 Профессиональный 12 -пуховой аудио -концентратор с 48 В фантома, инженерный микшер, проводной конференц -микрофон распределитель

# # # #

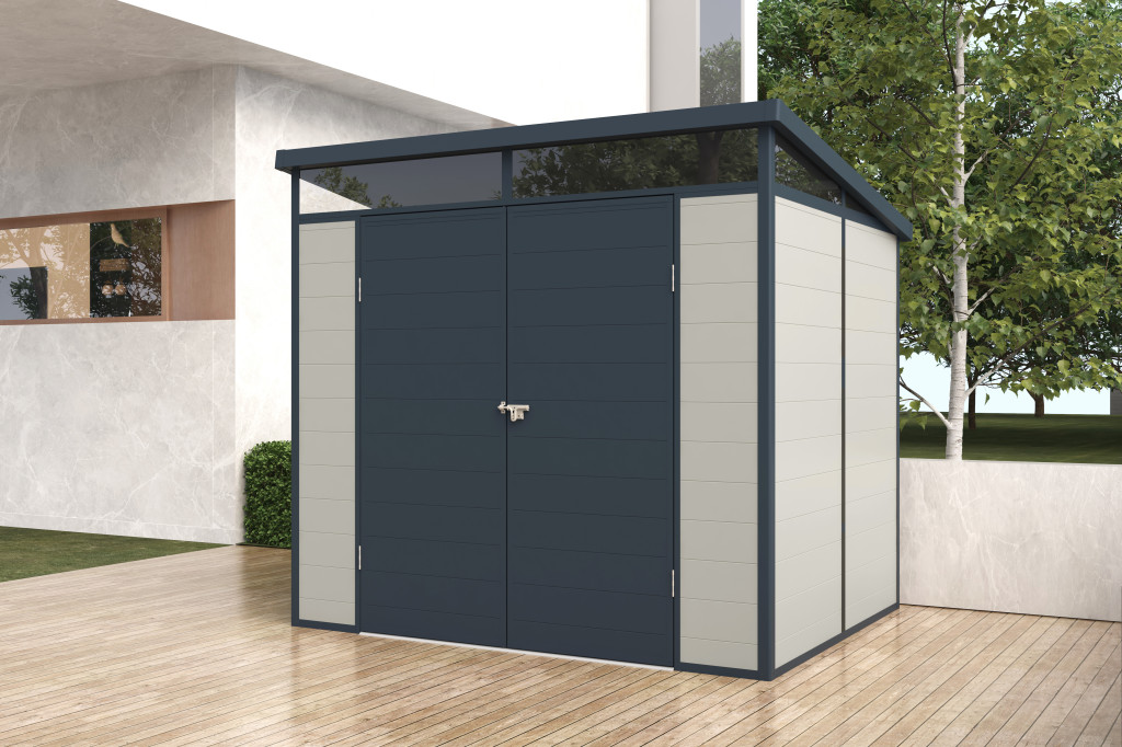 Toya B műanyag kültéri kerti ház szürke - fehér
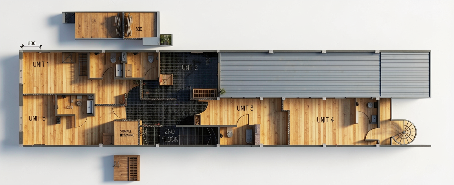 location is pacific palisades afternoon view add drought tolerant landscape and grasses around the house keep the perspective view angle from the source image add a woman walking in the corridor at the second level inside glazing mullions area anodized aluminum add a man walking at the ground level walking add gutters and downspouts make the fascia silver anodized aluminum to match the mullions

# # # #

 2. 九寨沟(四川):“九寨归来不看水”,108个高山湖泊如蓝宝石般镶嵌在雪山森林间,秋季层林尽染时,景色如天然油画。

# # # #

What is needed is an exact copy of the lines above from the one with "Toya B műanyag" to the one with "location is pacific", both ends kept, and nothing more; please leave the pictures out.

▸ ANSWER TO THE PROBLEM
 Toya B műanyag kültéri kerti ház szürke - fehér
 location is pacific palisades afternoon view add drought tolerant landscape and grasses around the house keep the perspective view angle from the source image add a woman walking in the corridor at the second level inside glazing mullions area anodized aluminum add a man walking at the ground level walking add gutters and downspouts make the fascia silver anodized aluminum to match the mullions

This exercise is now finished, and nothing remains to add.